Arch Gerontol Geriatr. 2011 Sep-Oct;53(2):123-30. doi: 10.1016/j.archger.2010.11.012. Epub 2010 Dec 4.

Abstract

This study aimed to examine useful items for screening the fall risk of community dwelling elderly from various perspectives, including fall experience, physical function level, and age level difference. 968 independently living elderly persons over the age of 60 (age: 70.0 ± 7.0) responded to 80 fall risk items representing 7 factors (physical function, fall history, using devices, fear of falling and inactivity, dosing, disease and disability, and environment) and an ADL questionnaire. The high fall risk response rate was calculated for each item and tested for statistical significance among age groups and those with and without fall experience. Cramer's V was calculated to examine the relationship between each item and the ADL. In addition, we selected items with significant differences in the high fall risk response rates between the faller and the non-faller groups, a significant relationship with ADL, and a significant difference among age groups.

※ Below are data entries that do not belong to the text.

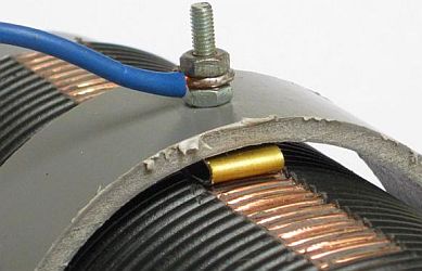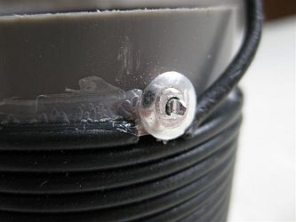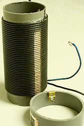De spoel is met 1.5 mm² zwart installatiedraad gewikkeld op een 6 cm PVC buis en het sleepcontact is gemonteerd op een ring van 7.5 cm PVC buis. De ring mag niet te breed zijn anders schuift dat niet soepel over de windingen. Breng over de lengte van de spoel een markering aan, met bij voorbeeld een Stanley mes, om bij het verwijderen van de isolatie steeds dezelfde breedte te behouden.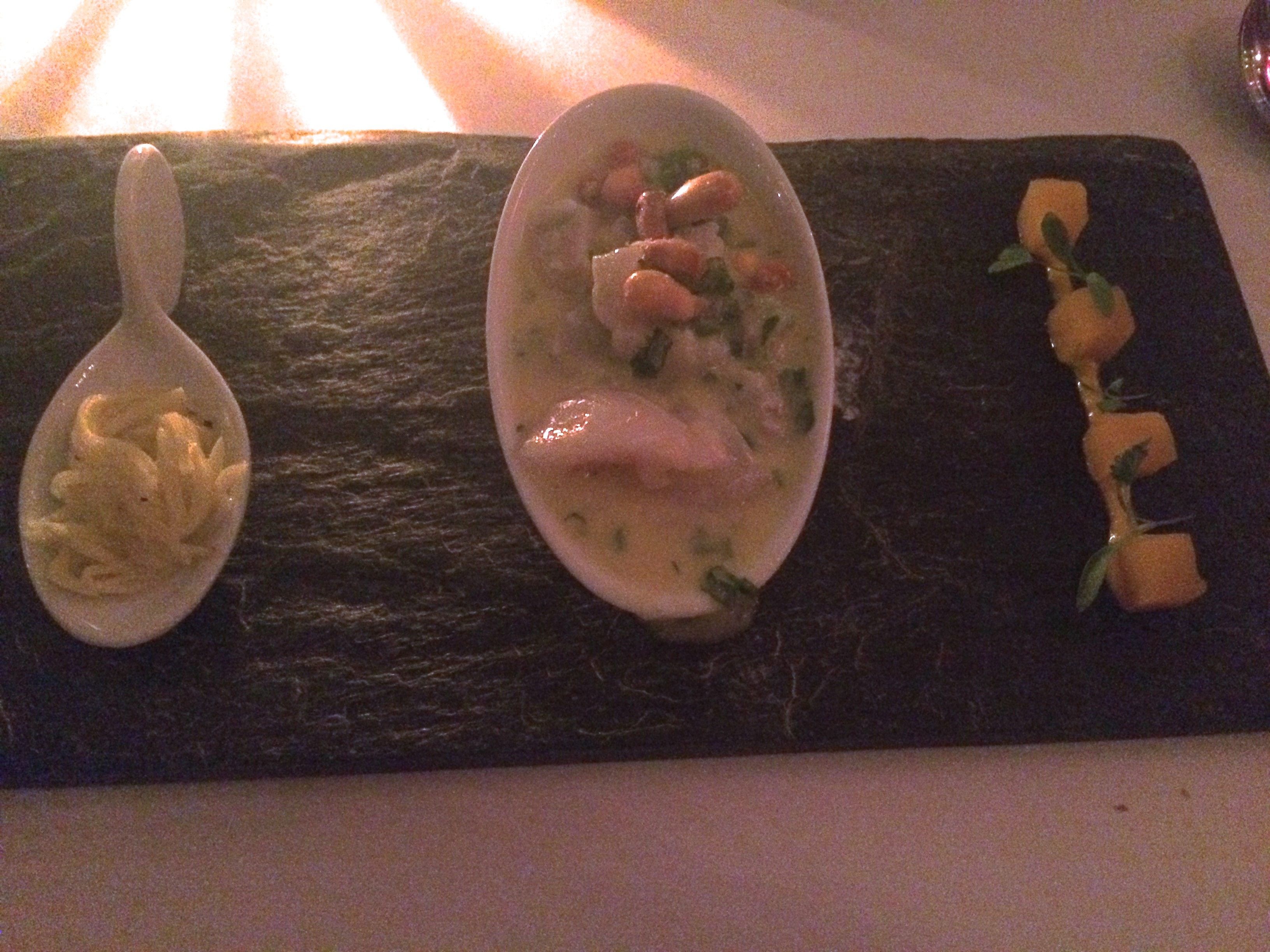 Ceviche with whitefish, lychee, coconut, roasted Peruvian corn, accompanied by butternut squash and green mango. After eating the ceviche with the butternut squash you then drink the remaining juice, or leche de tigre, and then finish it off with the spoonful of green mango on the left. Best dish of the night (and worst photo)!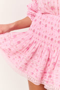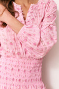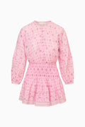 Pretty in pink for the fall season with the Janis Dress. This charming frock debuts with a striped cotton dobby fabric giving this piece an intricate texture featuring an ikat tossed floral print. With a Victorian-inspired button down cotton mini arrives with an easy top with buttons descending down center front to the waist, 3/4 length sleeves, and elastication for easy pull on. The waist has smocking that then falls to an airy skirt.

A total of 40 useful items were selected from each fall risk factor (decrease in physical function: 21 items, fall history: 2 items, device usage: 3 items, fear of falling and inactivity: 5 items, dosing: 0 items, disease and disability: 8 items, and environment: 1 item). Selected items can comprehensively and properly assess the fall risk of the healthy elderly as compared with existing questionnaires.

摘要

本研究旨在从各种角度(包括跌倒经历、身体机能水平和年龄差异)探讨用于筛选社区居住老年人跌倒风险的有用项目。968 名 60 岁以上(年龄:70.0 ± 7.0)、独立生活的老年人对代表 7 个因素(身体机能、跌倒史、使用器械、跌倒恐惧和不活动、用药、疾病和残疾、环境)和 ADL 问卷的 80 个跌倒风险项目做出了回应。计算了每个项目的高跌倒风险反应率,并在年龄组之间以及有和无跌倒经历的人群中对其进行了统计学意义检验。计算了 Cramer's V 以检验每个项目与 ADL 的关系。此外,我们选择了在跌倒者和非跌倒者组之间高跌倒风险反应率存在显著差异、与 ADL 有显著关系且在年龄组之间存在显著差异的项目。每个跌倒风险因素(身体机能下降:21 项、跌倒史:2 项、器械使用:3 项、跌倒恐惧和不活动:5 项、用药:0 项、疾病和残疾:8 项、环境:1 项)均选择了 40 个有用项目。与现有问卷相比,所选项目可以全面、恰当地评估健康老年人的跌倒风险。